Alongside with MathML,
RDF is one of the 1st applications of XML
to ship. These 2 are supposed to be XML test-cases.
Even though RDF is still only a working draft at the W3C,
more than 40 content providers have planned to deploy RDF on their internet
sites, including Netscape,
CNN, AltaVista
and Amazon.com.
Before we move onto the details, I need to tell you,
that a draft document, is a work in progress. The Working Groups working with
RDF at the W3C has not yet reached full consensus on all parts of RDF, and is
continuing to refine the draft.
A short history of RDF
Even though it might be a bit premature to tell the
story of a technology, that has barely started, I'll try to give it a shot.
No one individual or organization invented RDF; it is
very much a collaborative design effort. RDF started as an extension of the PICS
content description technology. It is now also drawing upon the XML design as
well as technology submissions, such as Microsoft's XML-Data
paper, SiteMap proposals, and the Dublin Core/Warwick Framework have also
influenced the RDF design. Later on I'll show you a Dublin Core example....
Development of PICS was motivated by the anticipation
of restrictions on the Internet such as some recent US legislation (the
Communications Decency Act and it subsequent overruling by the Federal Supreme
Court). More on PICS later.....
One of the earliest and very important metadata systems
on the Web is the Meta
Content Framework (MCF), a specification which was first introduced by Apple
Computer in September 1996 and is still in use by hundreds of websites today.
MCF was developed as a Navigator plug-in called "HotSauce,"
that was limited to providing site map applications, since it was not
extensible. Netscape was among the first industry partners to support MCF, and
initially they extended it to XML. Later Netscape submitted a formal proposal to
the W3C in June 1997, plus helped form a W3C working group on RDF in September
1997.
The working group has since then been working on
drawing from Netscape's MCF proposal, as well as the W3C Recommendation PICS, to
define a new framework for viewing, manipulating and associating networked
collections of information. Several existing W3C activities, including
submissions on managing personal user preferences through OPS (Open Profiling
Standard), defining push content channels using CDF (Channel Definitation
Format), as well as parental controls described by PICS, are among the various
more narrowly-focused applications now addressed by RDF.
What is metadata?
Let's start of by talking about Metadata. Metadata is
"data about data" or "information describing content." In
HTML we have:
<meta name="keywords" content="rdf,xml,w3c">
|
and also the:
<meta name="description" content="This page is about RDF">
|
These tags, tells you, that the keywords in this
HTML-file is rdf, xml and w3c. Keywords are often
used by search engines such as AltaVista,
Excite, and Lycos
to index sites.
The next line gives you an description of the site; This
page is about RDF. This is also used by search engines. When they display
search results they most often display the description line.

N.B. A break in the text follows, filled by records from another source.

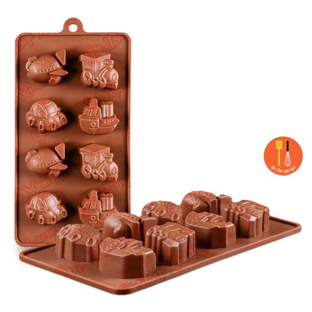 Giới thiệu Khuôn silicon làm thạch kẹo dẻo socola 8 xe tàu máy bay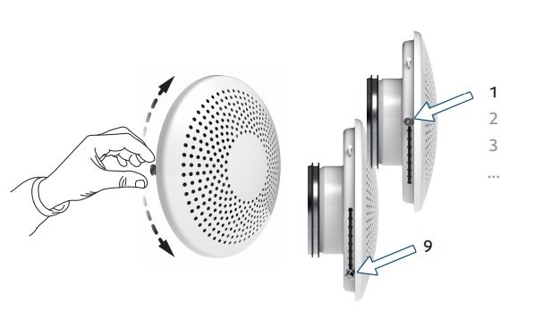 • Диффузор оснащен специальным регулирующим механизмом притока воздуха - такой переключатель (расположен сбоку) может легко перемещаться и регулировать тем самым количество приточного воздуха.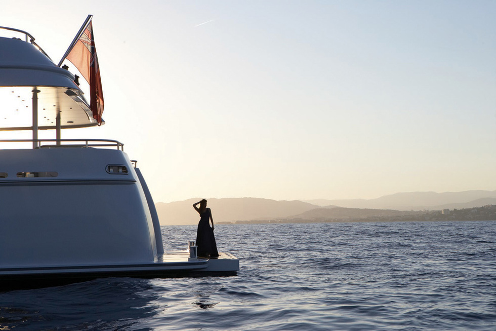 The main deck aft is furnished with an informal alfresco lounge ideal for morning coffee or relaxing with a good book. Stairs connect down to the swim platform for easy access to the water and the tenders.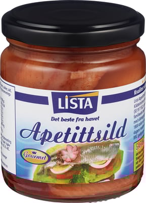 Apetittsild 300g fra Lista er et produkt innen Pålegg & frokost, Fiskepålegg, Sild/ansjos. Vekten er 300 g. Produktet inneholder følgende allergener: Fisk. Produktet leveres av DOMSTEIN SJØMAT AS. Produktet ble første gang registrert 11.6.2023 og sist oppdatert 6.9.2023.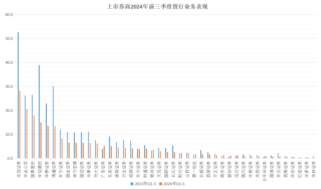 2023年,国金证券投行业务净收入13.39亿元,同比下降21.30%。而在2024年前三季度,国金证券投行业务净收入6.62亿元,同比下降39.97%。而这一业绩在上市券商中排名第8,超过申万宏源、国信证券等头部券商。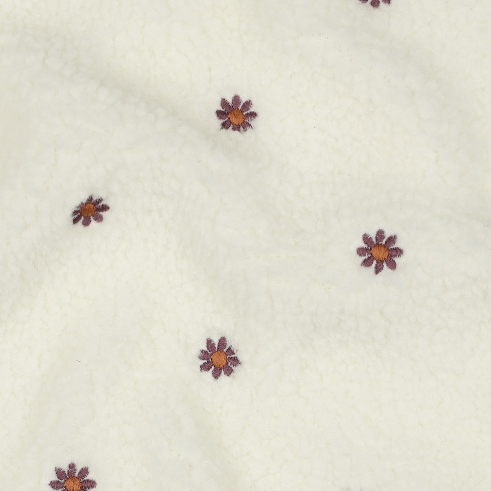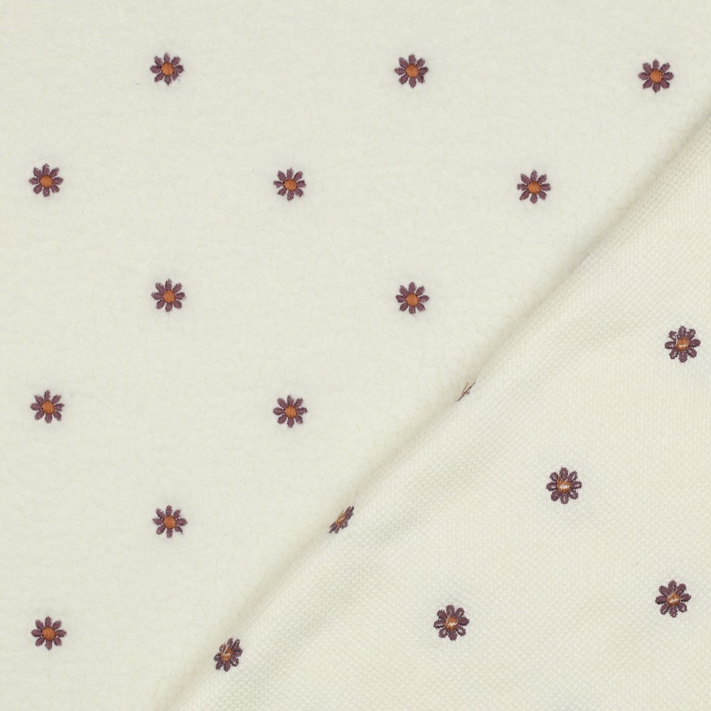Teddy fleece - geborduurde bloemen ecru
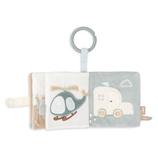 Explora el món amb aquest llibre d'activitats únic amb la temàtica "On The Go"! Amb quatre pàgines de tela acanalada súper suau en verd mar i blau núvol, aquest llibre és perfecte per a les petites mans curioses. Cada pàgina està plena de sorpreses: arrugues, cordes divertides i miralls petits i bonics amb forma de semàfor. El llibre inclou una clau divertida amb un so cruixent per a una diversió addicional durant el joc.

In the context of RDF, metadata is "data
describing web resources". RDF uses XML as the encoding syntax for the
metadata. The resources being described by RDF are, in general, anything that
can be named via a URI. The broad goal of RDF is to define a mechanism for
describing resources that makes no assumptions about a particular application
domain, nor defines the semantics of any application domain. The definition of
the mechanism should be domain neutral, yet the mechanism should be suitable for
describing information about any domain.
Why users want metadata
If you are having trouble with "information
overload" you should look into metadata, as this will give more control
over content. A big problem with HTML, is that there are too many different
interfaces to metadata information. On one page, an author might use the
following piece of code:
<meta name="Author" content="cybercoded.com">
|
and some other author, that wanted to display the same
information, could instead use:
<meta name="AuthorName" content="cybercoded.com">
|
This shows some of the current problems, that search
engines are facing. There's no current standard. What is really meant by Author?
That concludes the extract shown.